Edoardo D'Erme (born 19 April 1989 in Latina, Lazio), better known as Calcutta, is an Italian singer-songwriter. 
He debuted with the album Forse…, released by Geograph Records in 2012.
Its follow-up, Mainstream, was released by Bomba Dischi on 30 November 2015, preceded by the single "Cosa mi manchi a fare". Initially ignored by Italian media, the album started to achieve success after a few months, when its lead single received airplay by Italian radio networks.
The song "Oroscopo", produced by Takagi & Ketra, was released as a stand-alone single in May 2016. Since its release, Calcutta considered the song as something which did not represent himself; despite this, it became his first commercial success and his first single to be certified gold by the Federation of the Italian Music Industry.

In 2018, Calcutta's third studio album, Evergreen, became his first number-one on the Italian Albums Chart. The album spawned singles including "Orgasmo", "Paracetamolo" and "Pesto". 
The album was re-released in 2019, with the singles "Punto" and "Sorriso (Milano Dateo)".

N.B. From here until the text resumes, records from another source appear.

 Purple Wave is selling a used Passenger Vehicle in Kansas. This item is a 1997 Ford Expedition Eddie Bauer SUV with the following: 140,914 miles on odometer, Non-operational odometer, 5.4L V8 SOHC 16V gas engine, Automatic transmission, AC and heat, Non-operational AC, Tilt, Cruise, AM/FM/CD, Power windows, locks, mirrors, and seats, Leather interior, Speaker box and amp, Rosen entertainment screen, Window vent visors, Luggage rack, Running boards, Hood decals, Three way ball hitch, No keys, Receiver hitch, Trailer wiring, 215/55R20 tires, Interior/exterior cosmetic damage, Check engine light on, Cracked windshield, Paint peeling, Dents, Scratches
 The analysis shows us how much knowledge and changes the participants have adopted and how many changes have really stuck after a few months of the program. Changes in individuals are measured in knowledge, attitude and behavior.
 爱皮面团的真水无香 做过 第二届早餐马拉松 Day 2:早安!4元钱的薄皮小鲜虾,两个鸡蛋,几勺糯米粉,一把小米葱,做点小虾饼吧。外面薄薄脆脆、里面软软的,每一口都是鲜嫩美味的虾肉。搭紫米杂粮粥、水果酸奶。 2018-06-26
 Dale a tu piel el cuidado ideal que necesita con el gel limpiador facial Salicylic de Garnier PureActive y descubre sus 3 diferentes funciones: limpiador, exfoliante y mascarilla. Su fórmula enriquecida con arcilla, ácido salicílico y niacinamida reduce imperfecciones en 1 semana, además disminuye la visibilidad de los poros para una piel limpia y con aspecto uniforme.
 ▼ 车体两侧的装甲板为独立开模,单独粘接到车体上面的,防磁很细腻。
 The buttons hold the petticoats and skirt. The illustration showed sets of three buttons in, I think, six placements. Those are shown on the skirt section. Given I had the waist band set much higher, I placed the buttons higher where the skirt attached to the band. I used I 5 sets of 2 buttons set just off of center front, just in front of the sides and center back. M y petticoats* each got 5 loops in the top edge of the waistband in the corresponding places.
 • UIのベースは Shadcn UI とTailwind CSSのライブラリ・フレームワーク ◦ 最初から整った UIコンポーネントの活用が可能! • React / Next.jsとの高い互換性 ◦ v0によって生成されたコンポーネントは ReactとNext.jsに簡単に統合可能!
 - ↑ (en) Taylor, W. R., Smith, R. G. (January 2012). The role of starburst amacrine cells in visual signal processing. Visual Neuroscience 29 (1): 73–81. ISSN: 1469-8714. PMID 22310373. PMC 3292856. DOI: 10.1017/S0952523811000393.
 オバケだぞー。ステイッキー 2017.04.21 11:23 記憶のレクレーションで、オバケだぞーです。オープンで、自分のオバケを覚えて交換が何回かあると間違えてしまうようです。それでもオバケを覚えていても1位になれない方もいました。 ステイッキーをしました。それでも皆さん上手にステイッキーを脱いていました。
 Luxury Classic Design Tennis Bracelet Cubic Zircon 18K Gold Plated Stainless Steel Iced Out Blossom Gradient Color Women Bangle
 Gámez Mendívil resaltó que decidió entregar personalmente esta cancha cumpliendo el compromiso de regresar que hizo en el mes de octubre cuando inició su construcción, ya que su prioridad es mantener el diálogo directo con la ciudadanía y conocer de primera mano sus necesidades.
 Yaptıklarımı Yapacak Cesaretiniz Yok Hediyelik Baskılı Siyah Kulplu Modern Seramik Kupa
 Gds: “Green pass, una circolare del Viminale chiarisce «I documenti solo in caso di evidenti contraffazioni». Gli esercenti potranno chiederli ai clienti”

In 2019, Calcutta recorded the single "La luna e la gatta" with producers Takagi & Ketra and fellow singer-songwriters Jovanotti and Tommaso Paradiso.
During his career, he also appeared as a featured artist on the singles "Se piovesse il tuo nome", released in 2018 with Elisa, and "Blue Jeans" (2020), recorded as a duet with Franco126.
He also penned songs for other Italian recording artists, including Francesca Michielin's "Io non abito al mare", Fabri Fibra's "Come mai", Emma's "Latina", Nina Zilli's "Mi hai fatto fare tardi" and Luca Carboni's "Io non voglio".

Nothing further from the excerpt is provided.